Track & Field

Junior accepts grueling pace

Doug Kelley is the Cougars’ designated 800-meter runner. Four hundred meter runners fear the 800 because of its half-mile length. Distance runners don’t have the foot speed for it.

Kelley said it comes down to who has the highest tolerance for pain — whoever can accept that they will be temporarily deprived of oxygen.

“The 800 is basically a gutcheck race,” Kelley said. “You have to go out in the first 100 meters at a good, hard pace and just hold it.

“You pace and position yourself for the end to try to set yourself up for a kick to win it.”

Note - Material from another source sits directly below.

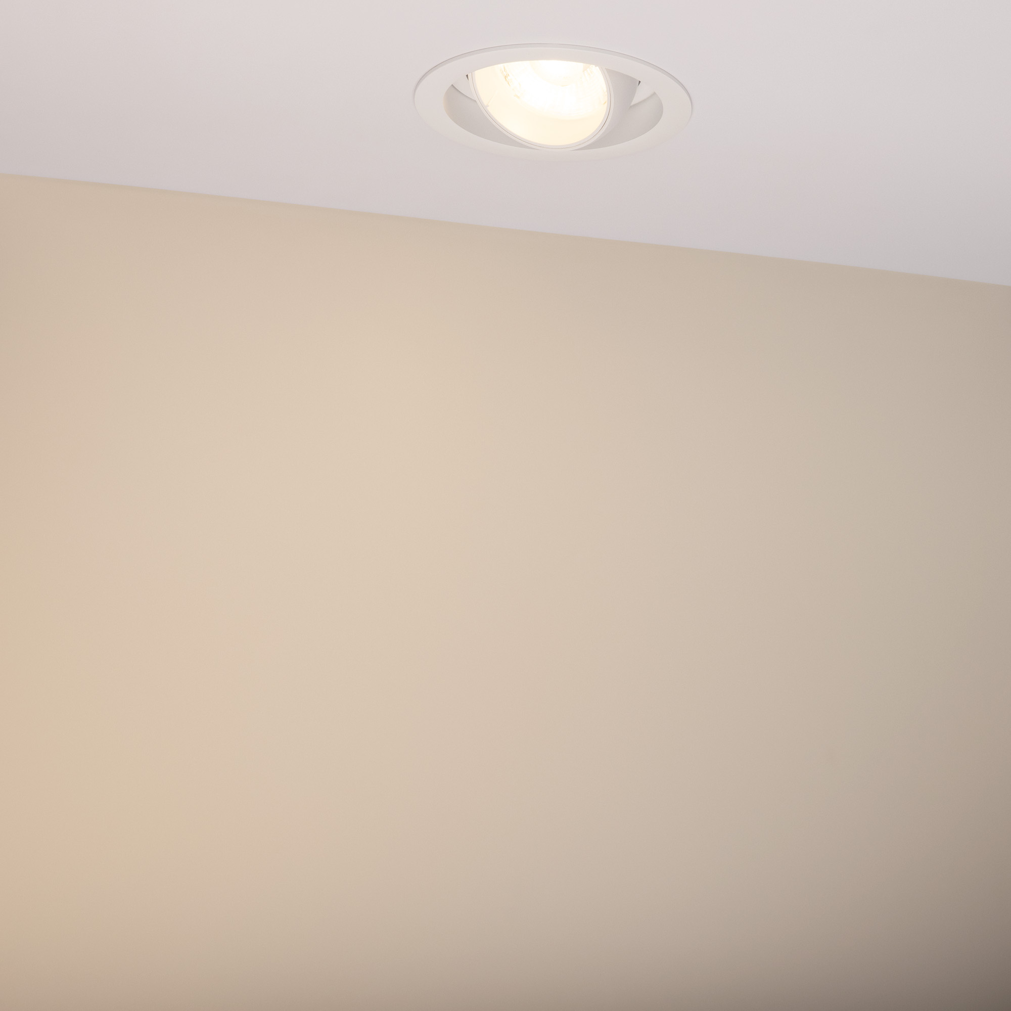 Встраиваемый карданный поворотный светильник с высоким индексом цветопередачи CRI>92 предназначен для создания качественного освещения. За основу поворотного механизма светильника взят принцип кардана – подвижное соединение двух колец, вложенных одно в другое. Световой модуль вращается вокруг своей оси на 360 градусов и отклоняется от горизонта на 30 градусов, что позволяет с лёгкостью регулировать направление пучка света и его концентрацию на определенной зоне. Особая конфигурация корпуса из алюминия оригинально смотрится в интерьере и позволяет эффективно отводить тепло. Светильник с углом рассеивания 50 градусов отлично подходит как для локальной акцентной подсветки витрин, прилавков магазинов, бутиков и стендов выставочных залов, так и для общего освещения. Легко устанавливается с помощью пружин в монтажное отверстие потолка. В комплекте поставляется драйвер, что позволяет безопасно и быстро подключать светильник напрямую к сети переменного тока 230 В.
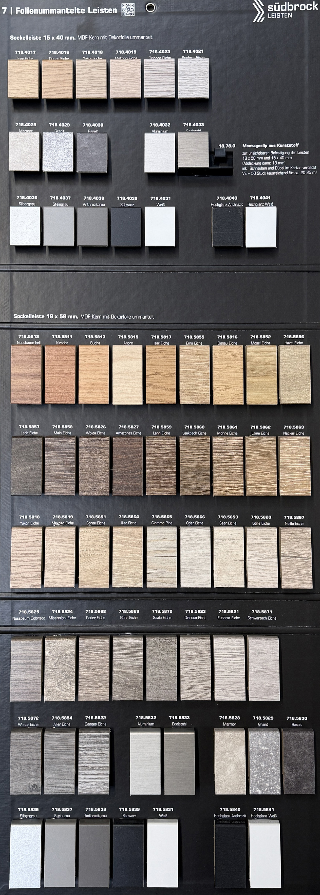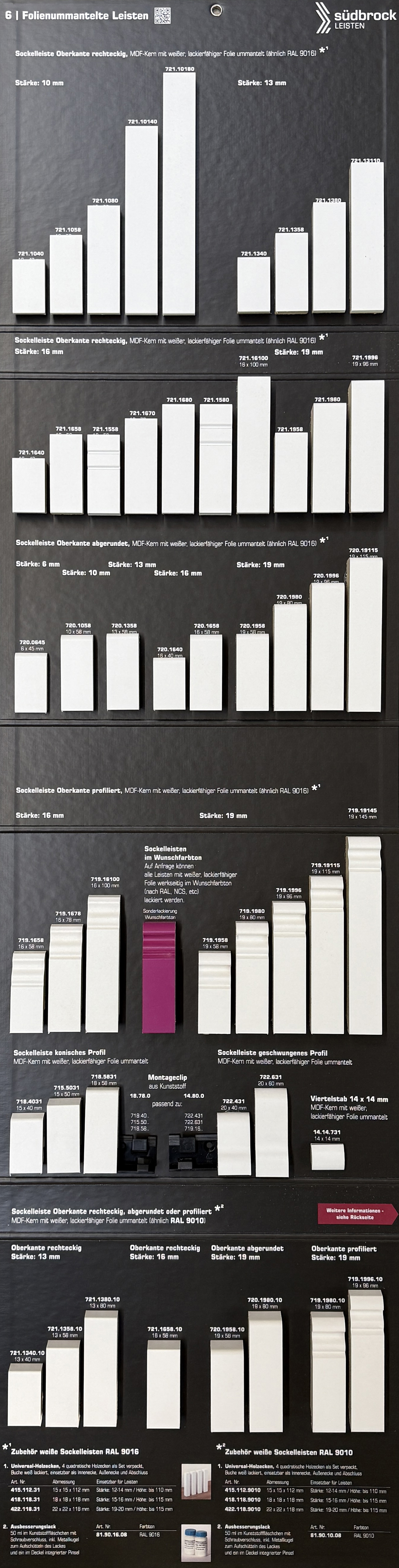 Südbrock-Leisten setzen präzise Akzente und verleihen jedem Raum ein harmonisches, hochwertiges Gesamtbild. Ob moderne MDF‑Profile oder edles Massivholz – für fachgerechte Verarbeitung, Beständigkeit und Stil.

Runners speak of an invisible figure that lurks in the closing meters of a race, waiting to pounce and hinder their running form. Some say it is like trying to run while carrying a cooler or tire; others say it is like trying to fend off an animal.

“The hardest part of the race is the last 200,” Kelley said. “That’s when the monkey jumps on your back.”

Kelley was the 2010 Conference USA Outdoor champion in the 800, but runner-up in at the 2011 C-USA Indoor Championship, finishing in a time of 1 minute, 52 seconds. As a result of his 6’3 stature, Kelley said he is more comfortable during the outdoor portion of the season.

“I’m more of an outdoor guy than an indoor guy,” he said. “I just have to make that transition and run the way I do outdoor, indoors.

I’m taller, especially on long tracks, so it’s harder for me to open up my stride on the curbs.”

Kelley became the best 800 runner in school history at the Texas A&M Conference Challenge on Feb. 12. But his personal-best times lingered around the 1:50 range since 2010. He broke the barrier on March 5, running a 1:49 at the Iowa State Last Chance Qualifier.

The junior from Leander, about 30 miles north of Austin, said that his treatment from head coach Leroy Burrell and the coaching staff during his recruitment is what made him decide to become a

member of the UH family.

“They really wanted me, Burrell respected me,” Kelley said. “That showed me a lot, and that made me want to come here and run for him.”